Drop all images. Then write out each line below exactly as given.
::: TASK DATA
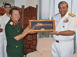 In 1992, India and Vietnam established extensive economic ties, including oil exploration, agriculture and manufacturing.[3] The relations between the two countries, especially defence ties, benefited extensively from India's Look East policy.[4] Bilateral military cooperation includes sale of military equipment, sharing of intelligence, joint naval exercises and training in counterinsurgency and jungle warfare.[5] India also regularly deploys its warships for goodwill visits to Vietnamese seas.
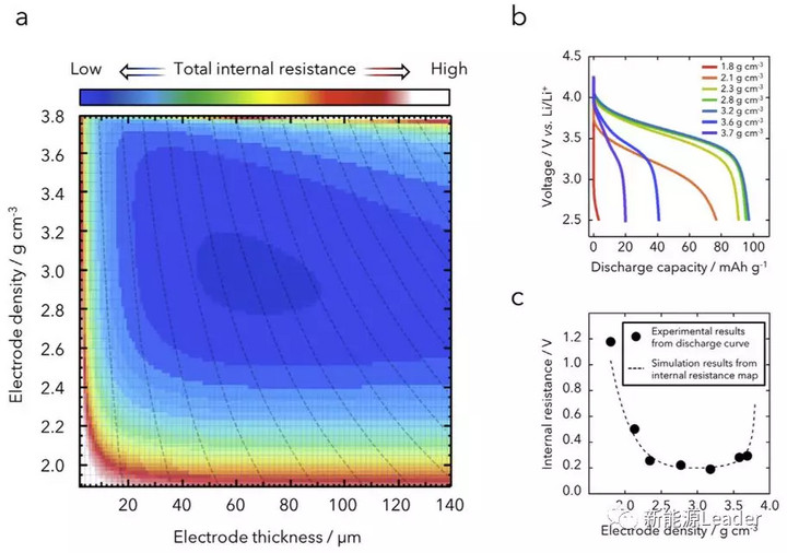 單純的做到高倍率性能并不難,難就難在倍率性能與能量密度的兼顧,一般而言倍率性能和能量密度之間是相互矛盾的,在兩者之間找到一個平衡是非常困難的,日本東京農(nóng)工大學(xué)的Kazuaki Kisu等【7】通過分析不同涂布厚度和壓實密度的NCM電極的阻抗的方式得到了最佳的涂布厚度和壓實密度的組合(70um和2.9g/cm3),在壓實密度過高時會導(dǎo)致電極孔隙率急劇下降,導(dǎo)致離子擴(kuò)散阻抗增加,而壓實密度較低時又會導(dǎo)致接觸阻抗的增加,因此只有合適的壓實密度才能在保證鋰離子電池優(yōu)異的倍率性能的同時也兼顧了高能量密度的特性。
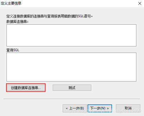 8.在查询SQL里写入要与数据库连接的语句,点击测试
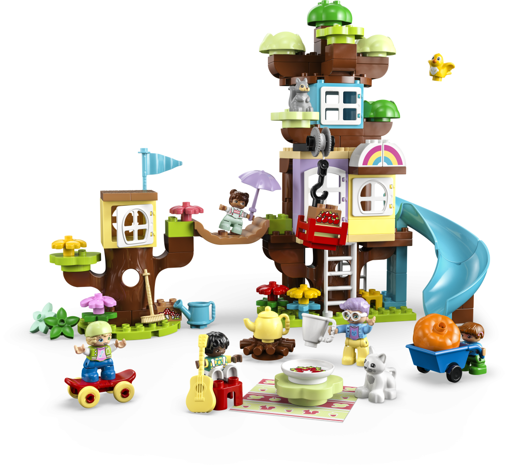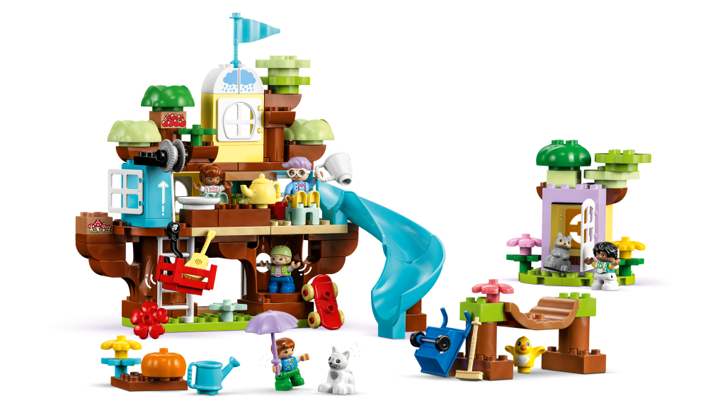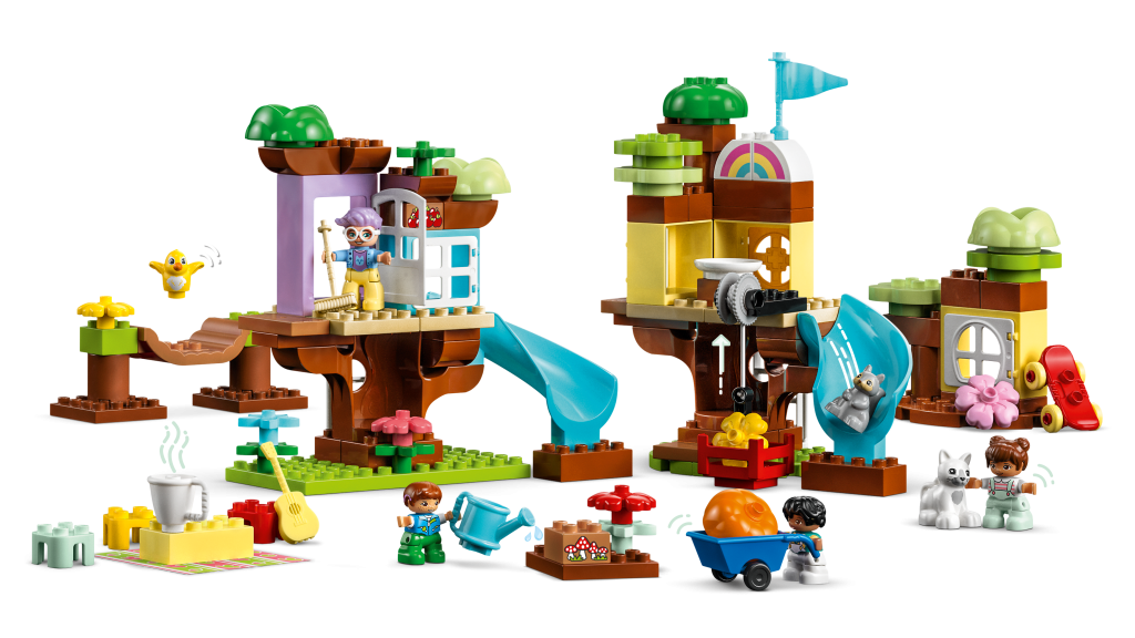 - Vyplňte hraní zábavným objevováním a představte nejmenším dětem tuto propracovanou stavebnici domu na stromě. Děti překonají vratký lanový most a sklouznou se dlouhou skluzavkou přímo na zahradu. Mohou pomoct se sbíráním ovoce a zeleniny a přinést je babičce v domě na stromě. Když začne pršet, figurky se mohou skrýt pod deštníkem nebo se vrátit do útulného domku na stromě a dát si teplé kakao.
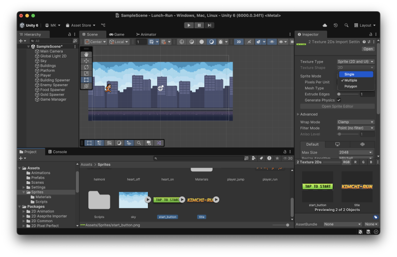 이어서 시착 버튼과 제목 이미지를 선택하고 싱글 sprite 모드로 설정합니다.(아래 스크린샷)
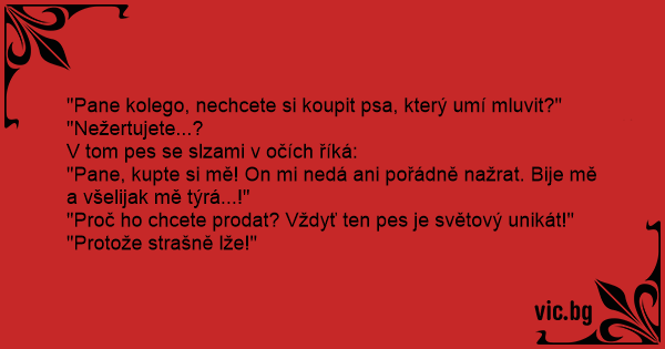 "Pane kolego, nechcete si koupit psa, který umí mluvit?"
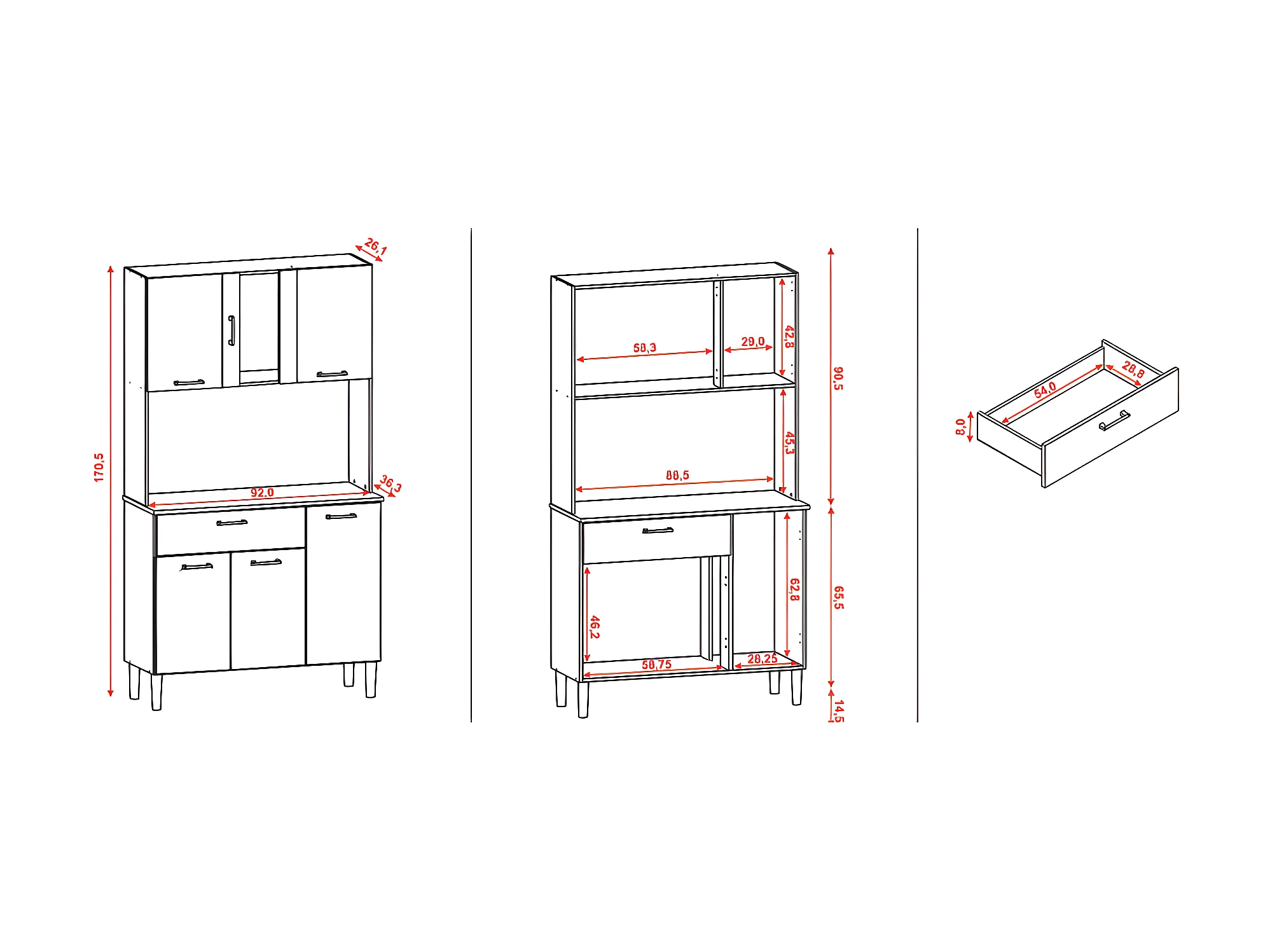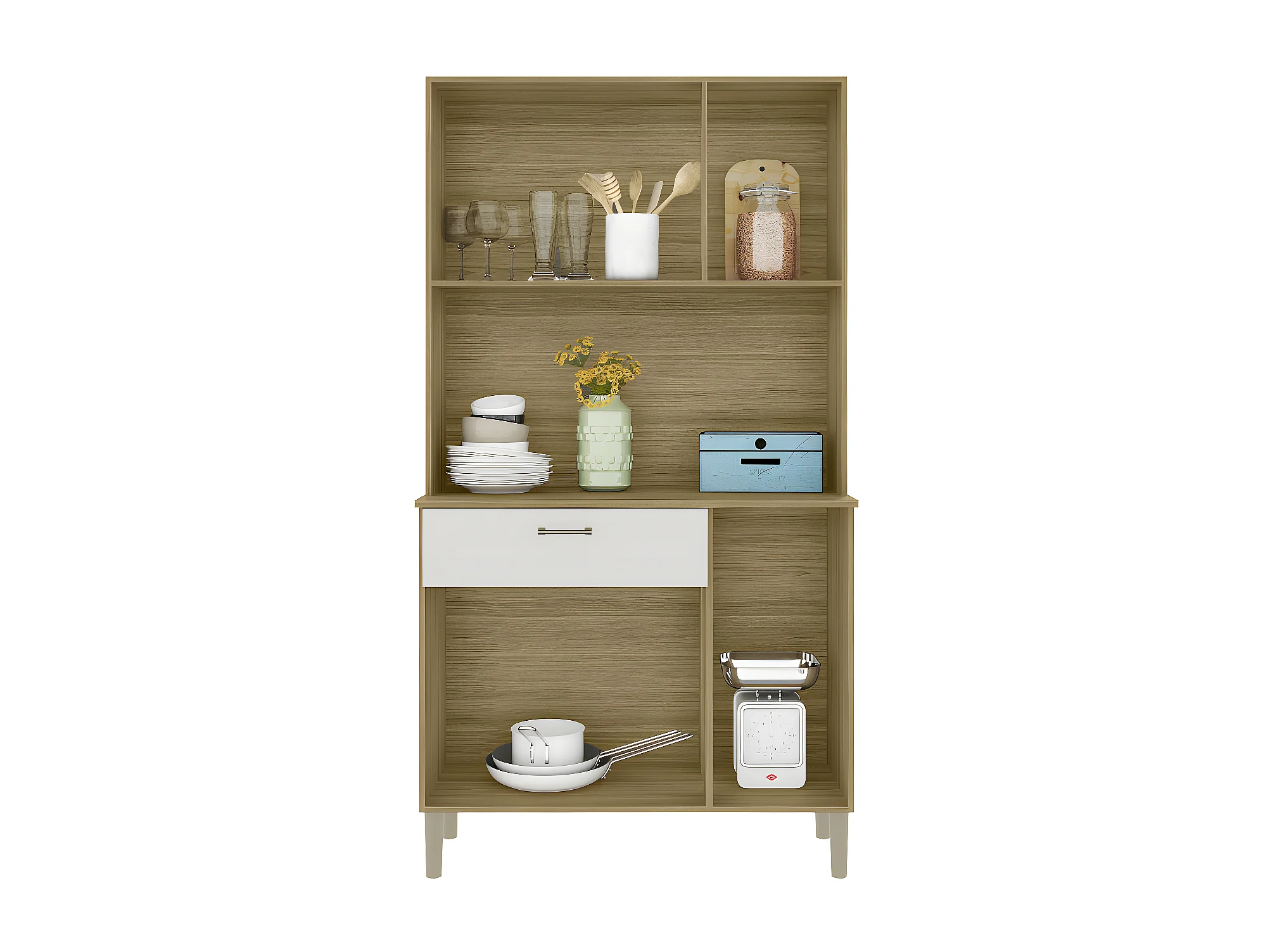 Buffet de Cuisine 6 Portes 1 Tiroir Chêne et Blanc 5 Niches L92 H170.5 P36.3 cm
::::::
YOUR SOLUTION:
 In 1992, India and Vietnam established extensive economic ties, including oil exploration, agriculture and manufacturing.[3] The relations between the two countries, especially defence ties, benefited extensively from India's Look East policy.[4] Bilateral military cooperation includes sale of military equipment, sharing of intelligence, joint naval exercises and training in counterinsurgency and jungle warfare.[5] India also regularly deploys its warships for goodwill visits to Vietnamese seas.
 單純的做到高倍率性能并不難,難就難在倍率性能與能量密度的兼顧,一般而言倍率性能和能量密度之間是相互矛盾的,在兩者之間找到一個平衡是非常困難的,日本東京農(nóng)工大學(xué)的Kazuaki Kisu等【7】通過分析不同涂布厚度和壓實密度的NCM電極的阻抗的方式得到了最佳的涂布厚度和壓實密度的組合(70um和2.9g/cm3),在壓實密度過高時會導(dǎo)致電極孔隙率急劇下降,導(dǎo)致離子擴(kuò)散阻抗增加,而壓實密度較低時又會導(dǎo)致接觸阻抗的增加,因此只有合適的壓實密度才能在保證鋰離子電池優(yōu)異的倍率性能的同時也兼顧了高能量密度的特性。
 8.在查询SQL里写入要与数据库连接的语句,点击测试
 - Vyplňte hraní zábavným objevováním a představte nejmenším dětem tuto propracovanou stavebnici domu na stromě. Děti překonají vratký lanový most a sklouznou se dlouhou skluzavkou přímo na zahradu. Mohou pomoct se sbíráním ovoce a zeleniny a přinést je babičce v domě na stromě. Když začne pršet, figurky se mohou skrýt pod deštníkem nebo se vrátit do útulného domku na stromě a dát si teplé kakao.
 이어서 시착 버튼과 제목 이미지를 선택하고 싱글 sprite 모드로 설정합니다.(아래 스크린샷)
 "Pane kolego, nechcete si koupit psa, který umí mluvit?"
 Buffet de Cuisine 6 Portes 1 Tiroir Chêne et Blanc 5 Niches L92 H170.5 P36.3 cm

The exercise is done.